Sunday, August 31, 2025

PT-3 “Themes” (Intro to Jonah)

 

SPIRITUAL DIARY FOR 8/31/2025 8:09 AM

My Worship Time                                                                                      Focus: PT-3 “Themes”

            In today’s SD, I continue to look into the intro to Jonah what John MacArthur calls “Themes” and there are seven different titles that we will be looking at, and today we will begin with the theme of “Salvation of Gentiles”

SALVATION OF GENTILES

            “The main thrust of the book of Jonah deals with God’s saving love for Gentiles.  The very first words of God’s commission to Jonah (‘Arise, go’) demonstrate the heart of Yahweh for those outside of Israel (Jonah 1:2).  Instead of immediately judging the Ninevites for their wickedness, the Lord showed them grace by giving them a warning (1:2; 3:2); and instead of abandoning them when Jonah refused to go (1:4), God persisted until His reluctant servant submitted and went (3:3).  Throughout Jonah’s journeys, the Lord saved the Gentiles that the prophet encountered, from the sailors (1:16) to the Ninevites (3:10).  The entire plot of Jonah is driven by the unrelenting compassion of God for those outside of Israel.
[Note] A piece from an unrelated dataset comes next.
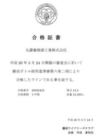 勝沼ボトル審査会合格ワイン。
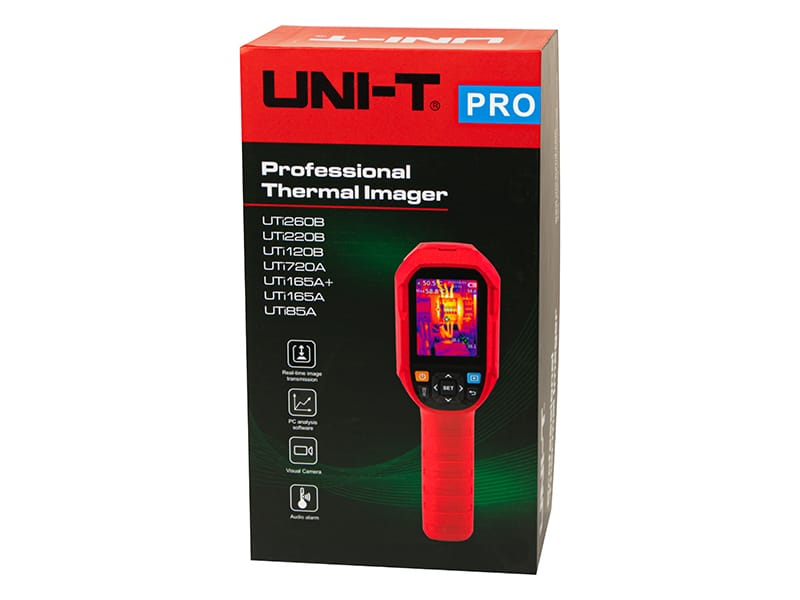 Uni-t UTI260B to profesjonalna termowizyjna kamera przemysłowa pozwalająca na zlokalizowanie mostkw termicznych, zweryfikowanie poprawności uszczelnień, czy ociepleń. Kamera łączy pomiar temperatury powierzchni z obrazami termowizyjnymi w czasie rzeczywistym, ktre są wyświetlane na ekranie przez kamerę termowizyjną. Obiektyw światłapodczerwonegoo rozdzielczości256x192pozwala rejestrować na karcie pamięci wszelkie pomiary.

            “The book of Jonah, moreover, defends God’s love for the Gentiles.  This narrative exposes the hypocrisy of Jonah who loved divine grace when his life was spared (1:17), but who hated divine grace when his enemies were delivered (4:1-2).  It  reveals Jonah’s pride in that he believed he was more deserving of God’s grace than the Gentiles, when in fact it was the sailors who feared Yahweh more than Jonah did (1:8-10, 16).  It discloses that Jonah’s hatred so twisted his theology that he called God’s mercy evil (4:1) and selfishly demanded to die (4:3).  No one has the prerogative to object to God’s grace (cf. Rom. 9:20-23), for all are sinners in need of salvation.  If one can rightly care about a plant that he neither toiled over nor caused to grow, then the Lord most certainly has the right to care for those He created in His own image (Jonah 4:10-11).

            “As noted above, this theme of God’s salvation of the Gentiles is so pervasive that it echoes throughout redemptive history.  Like Johan, Peter too would one day journey from Joppa to bring the gospel to the Gentiles (acts 10:1-23).  Paul also would travel on a ship through a storm while preaching God’s Word to the Gentiles (Acts 27:1-44).  They did this because Jesus had commissioned them, and all His disciples, to go throughout the world and proclaim the gospel (Matt. 28:18-20).  Thus, what God accomplished in the time of Jonah did not end with Jonah, Rather, God has continued to work out His saving purposes through history to the present, pointing sinners to the Lord Jesus Christ, the One who fulfilled the sign of Jonah through His death and resurrection (Matt. 12:39).”

            Lord willing we will look at the purpose and outline of this introduction to the book of Jonah from John MacArthur’s commentary in tomorrow’s SD.